Thanks for the description of how to run into the issue described but
is there also a practical use case today where this is happening? I ask
as it would be good to know the severity of the issue in the real world
today.

> This wouldn't normally matter, because these values are not used for
> access checks. However, a later change (0bd23d09b874 - Don't modify
> inodes with a uid or gid unknown to the vfs) changes the kernel to
> prevent opens for write if the i_uid/i_gid field in the inode is -1,
> even if the /proc/sys-specific access checks would otherwise pass.
>
> This causes a problem: in a userns without root mapping, even the
> namespace creator cannot write to e.g. /proc/sys/kernel/shmmax.
> This change fixes the problem by overriding i_uid/i_gid back to
> GLOBAL_ROOT_UID/GID.

We really need Seth and Eric to provide guidance here as they were
the ones devising this long ago, but to me your solution seems backward.
Why allow any namespace to muck with /proc/sys/ seettings?

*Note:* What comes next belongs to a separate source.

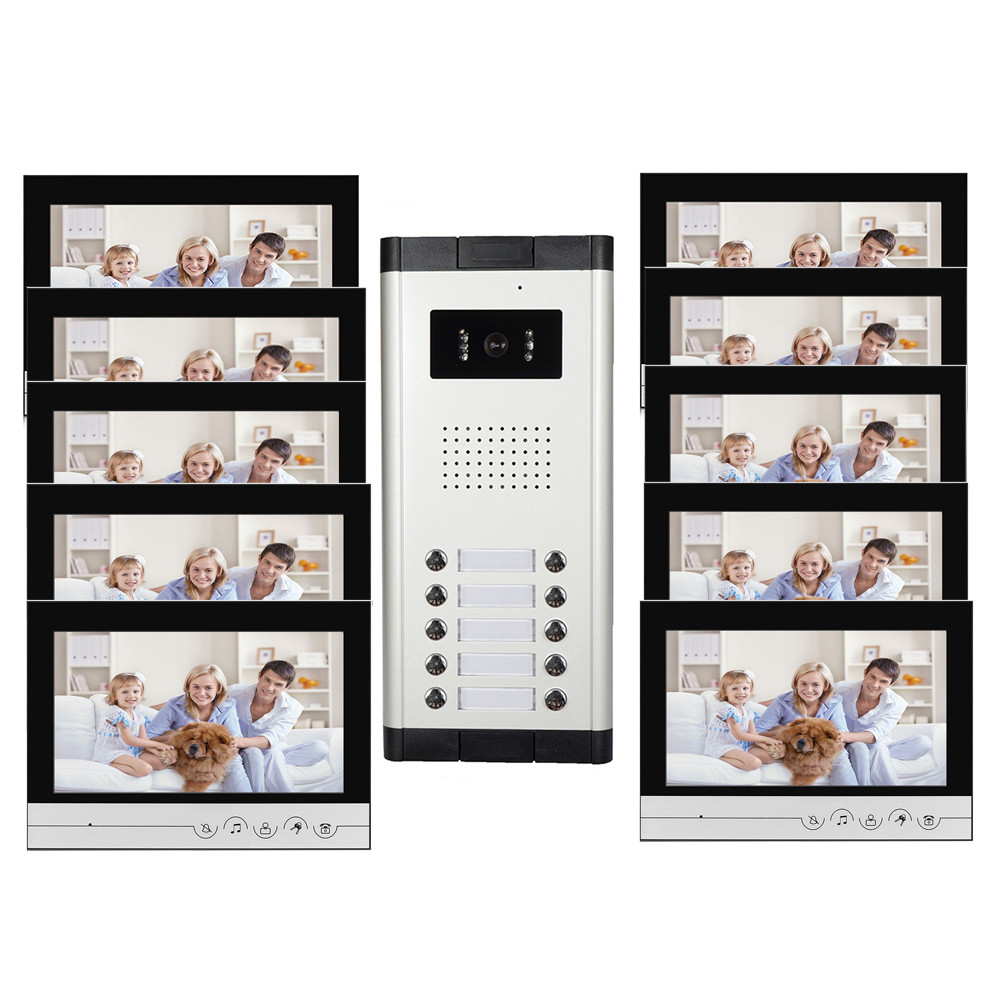 4Wire Apartment Video Doorbell ระบบอินเตอร์คอมสำหรับอาคาร 10 แฟลตพร้อมระบบตรวจสอบประตูขนาด 7 นิ้ว
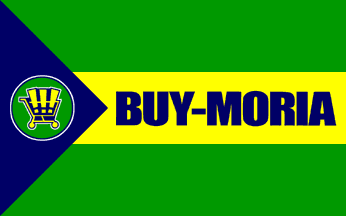 "BUY-MORIA" in dark blue extra-bold compact sans-serif capitals

Let's recall that this case was a corner case, and writeback was the
biggest concern, and for that it was decided that you'd simply not get
write access, and so its read only. Its not clear to me if things like
proc were considered. For the regular file case the situation can be
addressed with chown, however we can't chown proc files.

> Tested: Used a repro program that creates a user namespace without any
> mapping and stat'ed /proc/$PID/root/proc/sys/kernel/shmmax from outside.
> Before the change, it shows uid/gid of 65534,

I thought you said it would be uid/gid -1 without your patch?

> with the change it's 0.

Note that a good way to also test issues is with the lib/test_sysctl.c
module and the tools/testing/selftests/sysctl/sysctl.sh script, so if
you can device a test there, once we decide what to do that would be
appreciated.

Luis

> Signed-off-by: Radoslaw Burny <rburny@xxxxxxxxxx>
> ---
> fs/proc/proc_sysctl.c | 4 ++++
> 1 file changed, 4 insertions(+)
>
> diff --git a/fs/proc/proc_sysctl.c b/fs/proc/proc_sysctl.c
> index c5cbbdff3c3d..67379a389658 100644
> --- a/fs/proc/proc_sysctl.c
> +++ b/fs/proc/proc_sysctl.c
> @@ -499,6 +499,10 @@ static struct inode *proc_sys_make_inode(struct super_block *sb,
>
> if (root->set_ownership)
> root->set_ownership(head, table, &inode->i_uid, &inode->i_gid);
> + else {
> + inode->i_uid = GLOBAL_ROOT_UID;
> + inode->i_gid = GLOBAL_ROOT_GID;
> + }
>
> out:
> return inode;
> --
> 2.20.0.rc0.387.gc7a69e6b6c-goog
>